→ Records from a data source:

▬▬▬

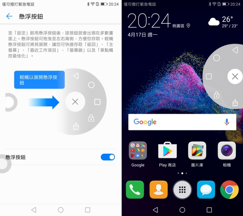 懸浮按鈕同樣也是非常實用的功能,開啟後會在畫面上出現一個可以自行擺放位置的快捷懸浮按鈕,讓我們更適合用在單手操作。
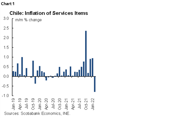 On Tuesday, March 8, the statistical agency INE released the CPI for February, which increased 0.3% m/m (7.8% y/y). Higher food and fuel prices, somewhat offset by declines in goods and services prices resulting from the downward correction of tourist packages and air transport services, explain this result. The drop in services prices was explained in part by the reversal of the unusual price rises observed last October (chart 1). Looking forward, inflation pressures will continue in the short term, but are expected to decrease in the second half of 2022.
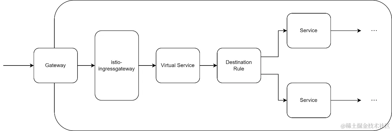 在 Kubernetes 集群环境中,默认配置下的 Istio 将会部署至 istio-system 命名空间下,通过向 pod 中自动注入代理容器,Istio 将 pod 纳入服务网格的管理之中,实现对服务间通信的统一管理和控制。在 istio-system 命名空间中,网关运行时负责处理所有流入服务网格的外部流量。网关运行时将根据 CRD 资源 Gateway 中的定义监听特定的域名与端口,并根据 Virtual Service 与 Destination Rule 将请求智能地路由到后端的 Kubernetes Service,并最终访问到对应的微服务。
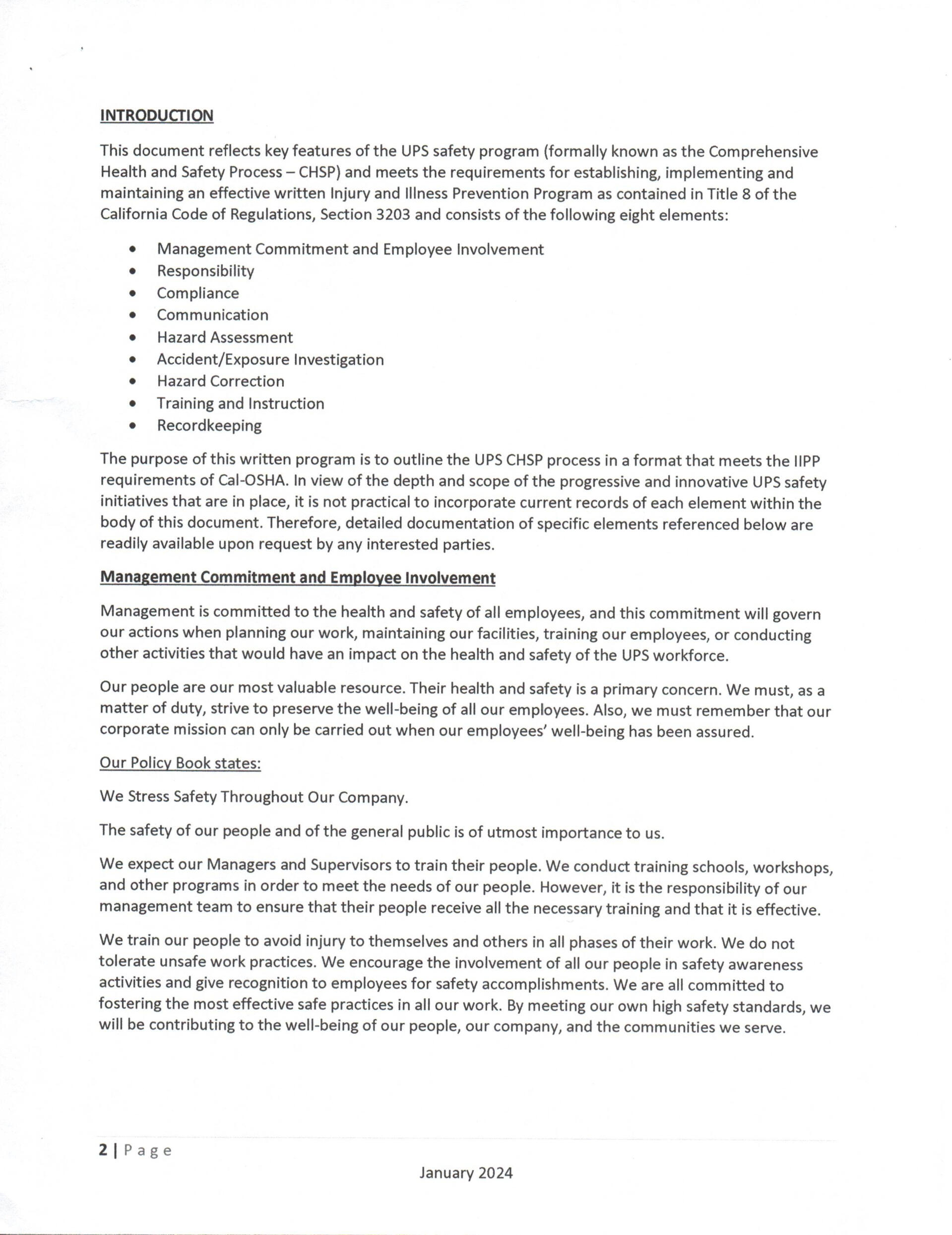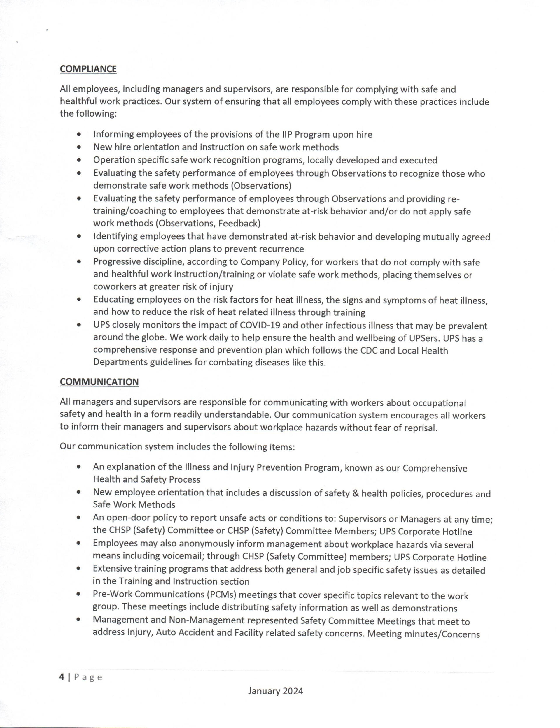 What it the Comprehensive Health and Safety Process for UPS?
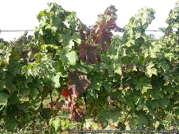 Pod tíhou nemoci se listy révy vinné zbarví do zlatožluta, ale mohou mít až nafialovělý vzhled. Postupně se svinou, jsou kovově lesklé a křehké.
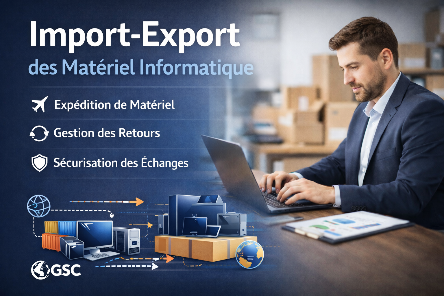 GSC Innov Tech maîtrise l’ensemble de la chaîne logistique internationale pour le matériel informatique. De l’achat auprès de fournisseurs certifiés jusqu’à la livraison à votre porte, nous gérons chaque étape avec rigueur et transparence.
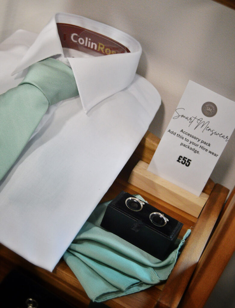 with £55 which includes any shirt, tie and pocket and cufflinks.
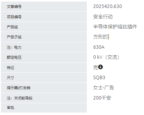 SIBA 半導體保護熔斷器2025420.630系列
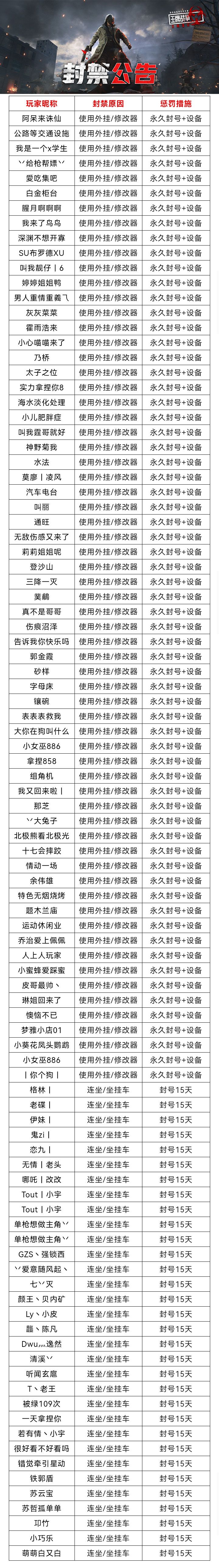 《王牌战争:文明重启》官方一直致力于维护游戏公平性和保证良好的绿色的游戏体验。针对使用外挂、连点器、第三方软件等行为,研发团队已经在第一时间优化了监控系统,确保作弊行为在被发现后及时锁定相关账号。在锁定作弊玩家后,我们将会给予对应的惩罚。如发现此类作弊、违规的玩家,我们会对其进行封号、封设备等措施。文妹想让更多的玩家感到安心,为此我们决定每周五公布外挂封号名单。让我们的净化行动“透明化”。文妹也希望各位能坚持正确的游戏态度,与我们共同守护游戏环境,抵制所有外挂、作弊、第三方软件。也欢迎使用举报系统、专区留言等方式向我们反馈。净化游戏环境,我们一直在努力!本周共处罚账号6321个,其中封禁开挂账号2891个,坐挂车/连坐账号32个。以下是3月26日-4月1日部分严重违规玩家名单,玩家均已受到惩罚。
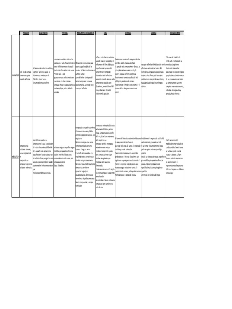 POBLACION ALIMENTACION VIVIENDAS ARMAMENTO/ HERRAMIENTAS CLIMA ECONOMIA SOCIEDAD CREENCIAS / ARTE
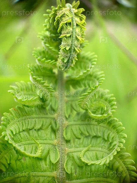 Макро.Крупный план. Скрученный развивающийся лист молодого папоротника.Текстура или фон
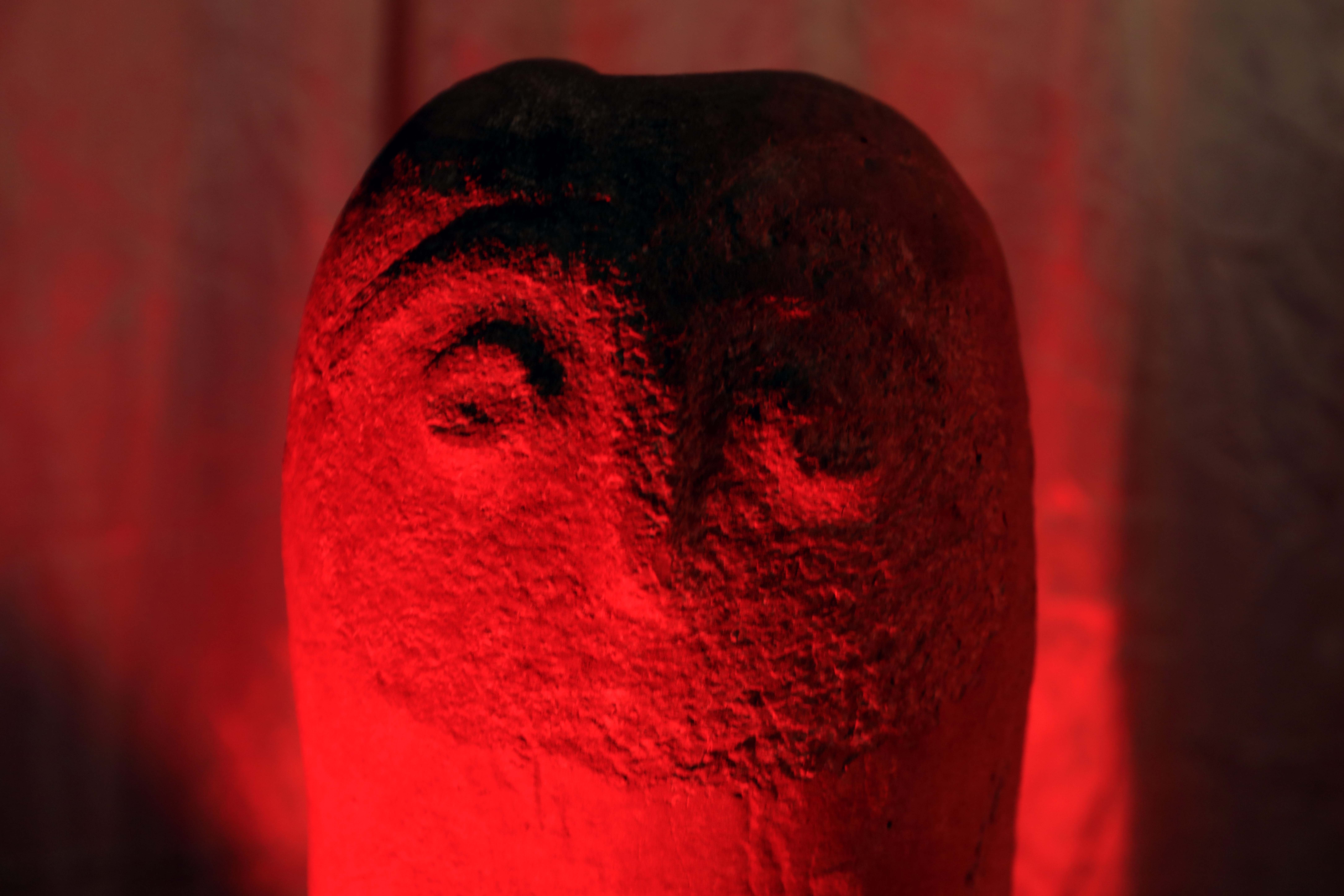 新华社照片,安曼,2022年2月23日 (国际·图文互动)(3)约旦发现距今约9000年的人类仪式遗迹 这是2月22日在约旦首都安曼拍摄的雕刻着精细的人物形象的石碑。 约旦旅游和古迹部22日宣布,考古人员初步考证认为,2021年在约旦东南部沙漠地区发掘出的一处古人类举行仪式的设施遗迹可以追溯到约公元前7000年,也就是距今约9000年的新石器时代。 新华社发(穆罕默德·阿布·古什摄)
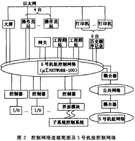 HIACS-5000M采用环状通信方式,可靠性较高。外高桥电厂二期(2×90OMW)机组设计有3个环状的控制网络,分别是 5号机组控制网络、6号机组控制网络以及公用系统控制网络。每个环网是由μΣNETW0RK-100。双路光缆进行连接,每个控制网络之间通过藕合器进行连接,实现数据传输。控制网络连接简图如图l所示。每个控制网络通过GATWAY与SIS进行连接,实现全厂的DCS总网络。总网络连接简图见图2。
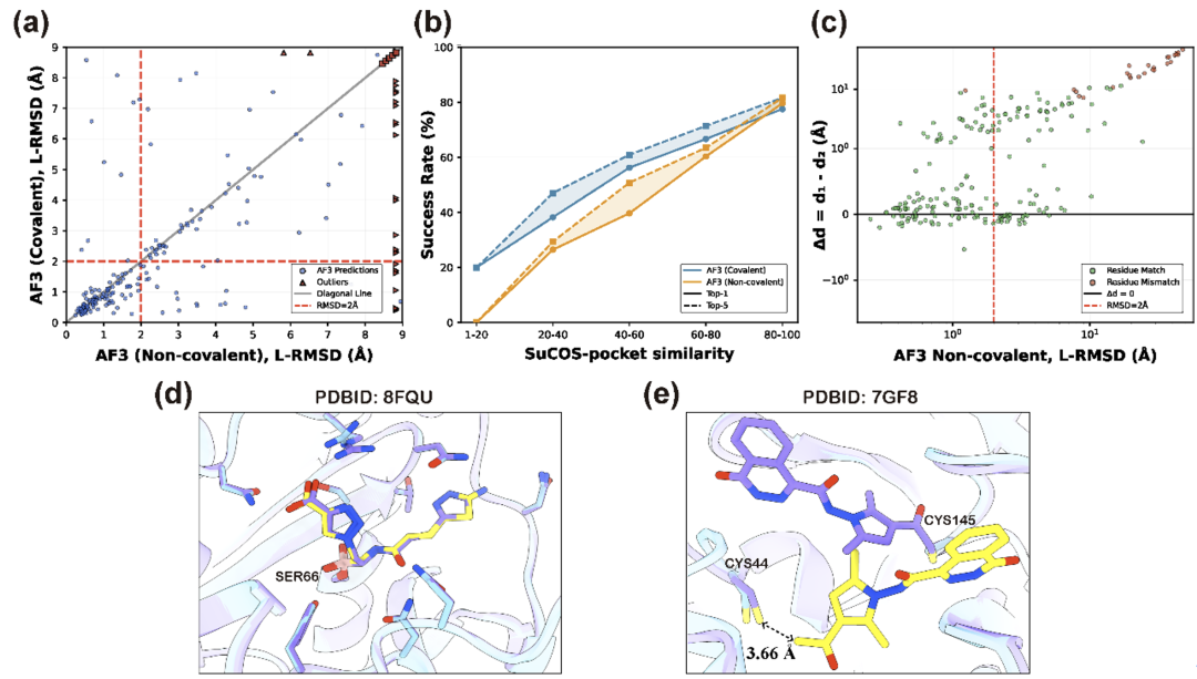 图4:基于AlphaFold 3的非共价与共价预测取得了相当的结果。(a)-(c) 两种方法在L-RMSD,成功率以及原子距离差分析;(d) AF3在无约束条件下成功复原8FQU的共价结合构象;(e) 在7GF8案例中,AF3虽然定错位点,但共价弹头指向了另一个亲核性半胱氨酸。

▬▬▬

→ What the task asks: This exercise asks for an exact copy of the lines from the first one in the data through the line that contains "Макро.Крупный план. Скрученный", pictures excluded.

→ Task response:
 懸浮按鈕同樣也是非常實用的功能,開啟後會在畫面上出現一個可以自行擺放位置的快捷懸浮按鈕,讓我們更適合用在單手操作。
 On Tuesday, March 8, the statistical agency INE released the CPI for February, which increased 0.3% m/m (7.8% y/y). Higher food and fuel prices, somewhat offset by declines in goods and services prices resulting from the downward correction of tourist packages and air transport services, explain this result. The drop in services prices was explained in part by the reversal of the unusual price rises observed last October (chart 1). Looking forward, inflation pressures will continue in the short term, but are expected to decrease in the second half of 2022.
 在 Kubernetes 集群环境中,默认配置下的 Istio 将会部署至 istio-system 命名空间下,通过向 pod 中自动注入代理容器,Istio 将 pod 纳入服务网格的管理之中,实现对服务间通信的统一管理和控制。在 istio-system 命名空间中,网关运行时负责处理所有流入服务网格的外部流量。网关运行时将根据 CRD 资源 Gateway 中的定义监听特定的域名与端口,并根据 Virtual Service 与 Destination Rule 将请求智能地路由到后端的 Kubernetes Service,并最终访问到对应的微服务。
 What it the Comprehensive Health and Safety Process for UPS?
 Pod tíhou nemoci se listy révy vinné zbarví do zlatožluta, ale mohou mít až nafialovělý vzhled. Postupně se svinou, jsou kovově lesklé a křehké.
 GSC Innov Tech maîtrise l’ensemble de la chaîne logistique internationale pour le matériel informatique. De l’achat auprès de fournisseurs certifiés jusqu’à la livraison à votre porte, nous gérons chaque étape avec rigueur et transparence.
 with £55 which includes any shirt, tie and pocket and cufflinks.
 SIBA 半導體保護熔斷器2025420.630系列
 《王牌战争:文明重启》官方一直致力于维护游戏公平性和保证良好的绿色的游戏体验。针对使用外挂、连点器、第三方软件等行为,研发团队已经在第一时间优化了监控系统,确保作弊行为在被发现后及时锁定相关账号。在锁定作弊玩家后,我们将会给予对应的惩罚。如发现此类作弊、违规的玩家,我们会对其进行封号、封设备等措施。文妹想让更多的玩家感到安心,为此我们决定每周五公布外挂封号名单。让我们的净化行动“透明化”。文妹也希望各位能坚持正确的游戏态度,与我们共同守护游戏环境,抵制所有外挂、作弊、第三方软件。也欢迎使用举报系统、专区留言等方式向我们反馈。净化游戏环境,我们一直在努力!本周共处罚账号6321个,其中封禁开挂账号2891个,坐挂车/连坐账号32个。以下是3月26日-4月1日部分严重违规玩家名单,玩家均已受到惩罚。
 POBLACION ALIMENTACION VIVIENDAS ARMAMENTO/ HERRAMIENTAS CLIMA ECONOMIA SOCIEDAD CREENCIAS / ARTE
 Макро.Крупный план. Скрученный развивающийся лист молодого папоротника.Текстура или фон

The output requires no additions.